[TASK ITEM]:
Return the lines of the data below starting at the one holding "Women's Lace-Up Denim" and ending at the one holding "المجموعة المتوقعة: الأرجنتين", word for word, leaving every picture out.

[DATA FOR THE TASK]:
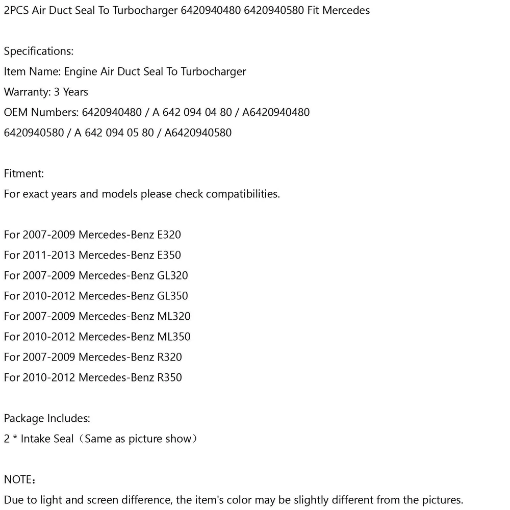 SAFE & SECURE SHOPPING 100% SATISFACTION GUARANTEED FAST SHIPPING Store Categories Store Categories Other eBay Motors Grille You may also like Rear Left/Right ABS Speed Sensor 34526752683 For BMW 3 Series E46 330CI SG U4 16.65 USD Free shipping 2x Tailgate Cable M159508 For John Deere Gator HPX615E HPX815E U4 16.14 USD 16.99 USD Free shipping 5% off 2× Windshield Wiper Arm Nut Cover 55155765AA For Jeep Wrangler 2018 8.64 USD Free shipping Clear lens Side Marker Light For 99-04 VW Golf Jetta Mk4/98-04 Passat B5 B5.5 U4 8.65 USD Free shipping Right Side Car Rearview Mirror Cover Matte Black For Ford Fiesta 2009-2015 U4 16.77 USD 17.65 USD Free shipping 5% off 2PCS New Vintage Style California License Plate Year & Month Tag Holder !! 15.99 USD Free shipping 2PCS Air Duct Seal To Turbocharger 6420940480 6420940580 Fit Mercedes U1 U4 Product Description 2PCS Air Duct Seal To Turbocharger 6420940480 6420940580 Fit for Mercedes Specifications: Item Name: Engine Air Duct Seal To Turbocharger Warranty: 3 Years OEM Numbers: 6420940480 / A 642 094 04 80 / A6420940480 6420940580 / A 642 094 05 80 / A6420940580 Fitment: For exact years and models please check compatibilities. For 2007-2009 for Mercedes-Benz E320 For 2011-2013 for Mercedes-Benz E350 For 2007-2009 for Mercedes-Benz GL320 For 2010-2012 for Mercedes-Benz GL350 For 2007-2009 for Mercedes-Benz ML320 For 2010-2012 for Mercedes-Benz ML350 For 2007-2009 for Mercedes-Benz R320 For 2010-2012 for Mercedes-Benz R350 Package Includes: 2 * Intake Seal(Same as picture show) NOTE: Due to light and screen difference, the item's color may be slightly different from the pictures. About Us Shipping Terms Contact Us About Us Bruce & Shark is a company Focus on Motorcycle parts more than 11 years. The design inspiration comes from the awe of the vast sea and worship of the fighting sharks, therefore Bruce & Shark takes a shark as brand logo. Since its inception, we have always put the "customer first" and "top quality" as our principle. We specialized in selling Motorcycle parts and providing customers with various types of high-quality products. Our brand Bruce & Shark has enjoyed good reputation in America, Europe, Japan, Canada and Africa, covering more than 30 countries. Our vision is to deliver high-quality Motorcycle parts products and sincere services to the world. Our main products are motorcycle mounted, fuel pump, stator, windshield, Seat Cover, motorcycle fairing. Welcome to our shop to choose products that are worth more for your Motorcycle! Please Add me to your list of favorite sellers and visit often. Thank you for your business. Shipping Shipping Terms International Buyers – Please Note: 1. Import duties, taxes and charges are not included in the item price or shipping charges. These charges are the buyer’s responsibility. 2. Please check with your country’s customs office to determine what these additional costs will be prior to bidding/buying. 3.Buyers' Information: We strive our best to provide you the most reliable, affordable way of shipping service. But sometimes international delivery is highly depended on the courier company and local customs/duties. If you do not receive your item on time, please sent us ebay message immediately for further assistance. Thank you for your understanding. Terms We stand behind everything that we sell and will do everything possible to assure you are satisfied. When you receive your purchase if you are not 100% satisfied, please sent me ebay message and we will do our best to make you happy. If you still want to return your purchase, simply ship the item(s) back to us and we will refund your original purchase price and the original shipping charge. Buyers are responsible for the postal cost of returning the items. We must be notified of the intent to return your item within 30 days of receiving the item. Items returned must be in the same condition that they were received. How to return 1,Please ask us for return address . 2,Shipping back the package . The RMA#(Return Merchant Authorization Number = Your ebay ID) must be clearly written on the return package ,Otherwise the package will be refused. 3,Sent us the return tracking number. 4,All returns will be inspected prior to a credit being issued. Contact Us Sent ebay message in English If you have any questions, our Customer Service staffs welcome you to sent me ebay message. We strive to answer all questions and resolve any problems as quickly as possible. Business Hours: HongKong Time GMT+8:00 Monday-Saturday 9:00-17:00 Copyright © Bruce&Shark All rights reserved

---

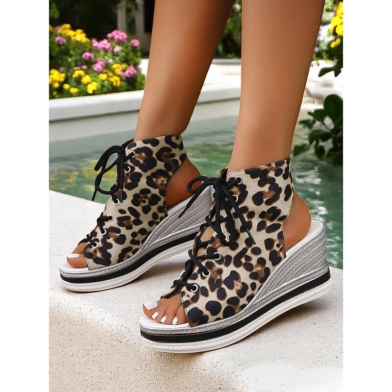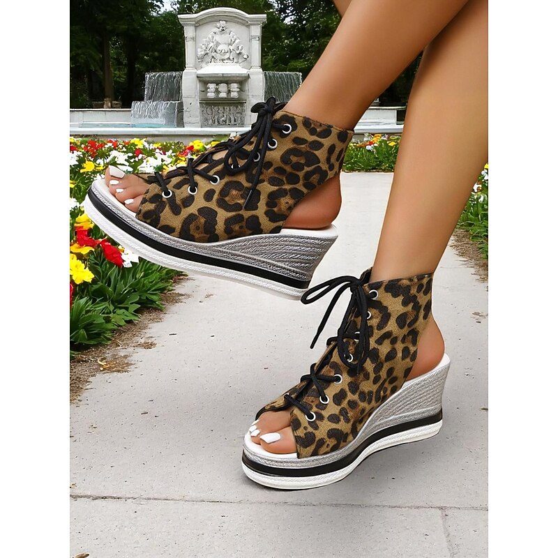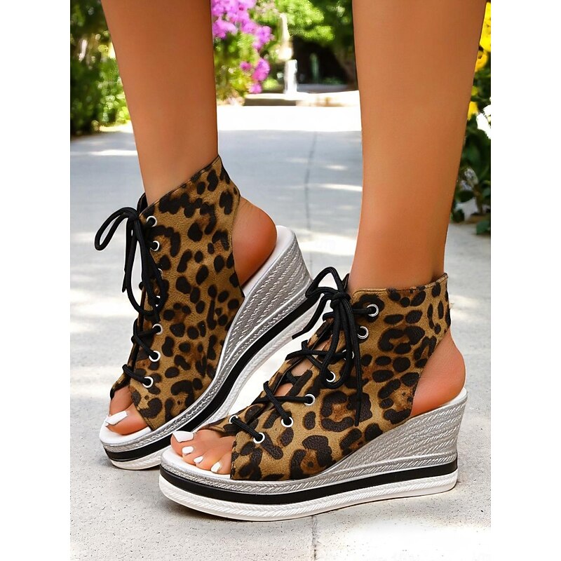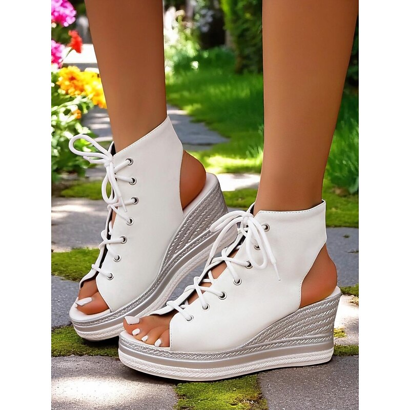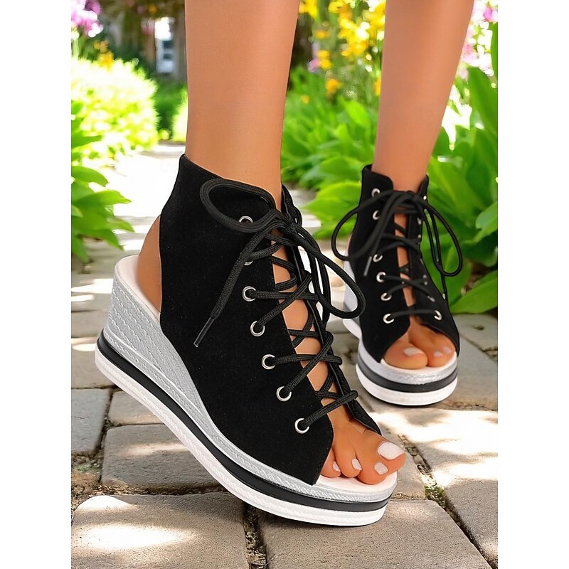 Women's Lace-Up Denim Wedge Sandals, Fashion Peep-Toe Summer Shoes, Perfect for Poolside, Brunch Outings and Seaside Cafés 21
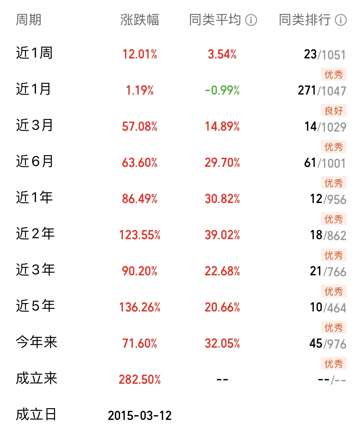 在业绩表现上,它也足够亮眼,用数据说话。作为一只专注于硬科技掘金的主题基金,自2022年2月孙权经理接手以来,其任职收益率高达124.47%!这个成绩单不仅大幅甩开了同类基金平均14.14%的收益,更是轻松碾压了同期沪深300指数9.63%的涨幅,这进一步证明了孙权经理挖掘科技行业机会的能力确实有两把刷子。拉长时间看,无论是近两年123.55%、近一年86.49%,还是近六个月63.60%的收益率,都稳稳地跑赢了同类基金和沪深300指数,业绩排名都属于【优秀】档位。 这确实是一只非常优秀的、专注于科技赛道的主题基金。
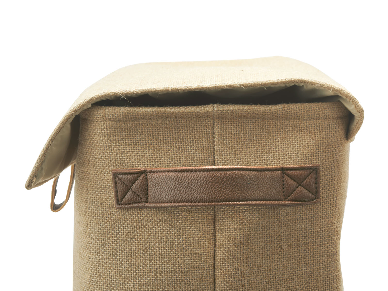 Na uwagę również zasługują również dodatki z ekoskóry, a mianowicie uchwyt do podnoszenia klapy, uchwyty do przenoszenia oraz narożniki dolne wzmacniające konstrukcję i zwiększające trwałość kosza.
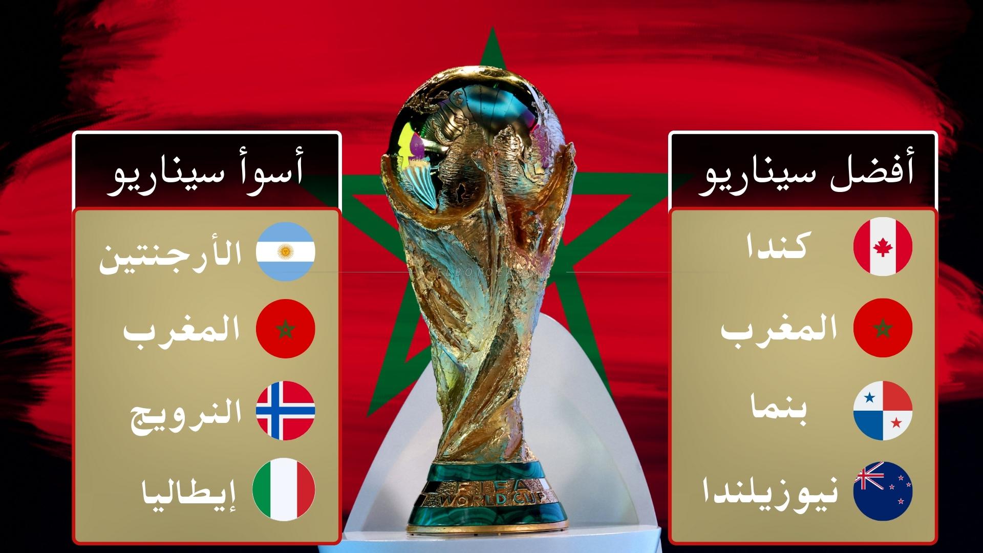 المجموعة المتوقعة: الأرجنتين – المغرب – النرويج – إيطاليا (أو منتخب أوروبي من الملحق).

[ANSWER BOX]:
 Women's Lace-Up Denim Wedge Sandals, Fashion Peep-Toe Summer Shoes, Perfect for Poolside, Brunch Outings and Seaside Cafés 21
 在业绩表现上,它也足够亮眼,用数据说话。作为一只专注于硬科技掘金的主题基金,自2022年2月孙权经理接手以来,其任职收益率高达124.47%!这个成绩单不仅大幅甩开了同类基金平均14.14%的收益,更是轻松碾压了同期沪深300指数9.63%的涨幅,这进一步证明了孙权经理挖掘科技行业机会的能力确实有两把刷子。拉长时间看,无论是近两年123.55%、近一年86.49%,还是近六个月63.60%的收益率,都稳稳地跑赢了同类基金和沪深300指数,业绩排名都属于【优秀】档位。 这确实是一只非常优秀的、专注于科技赛道的主题基金。
 Na uwagę również zasługują również dodatki z ekoskóry, a mianowicie uchwyt do podnoszenia klapy, uchwyty do przenoszenia oraz narożniki dolne wzmacniające konstrukcję i zwiększające trwałość kosza.
 المجموعة المتوقعة: الأرجنتين – المغرب – النرويج – إيطاليا (أو منتخب أوروبي من الملحق).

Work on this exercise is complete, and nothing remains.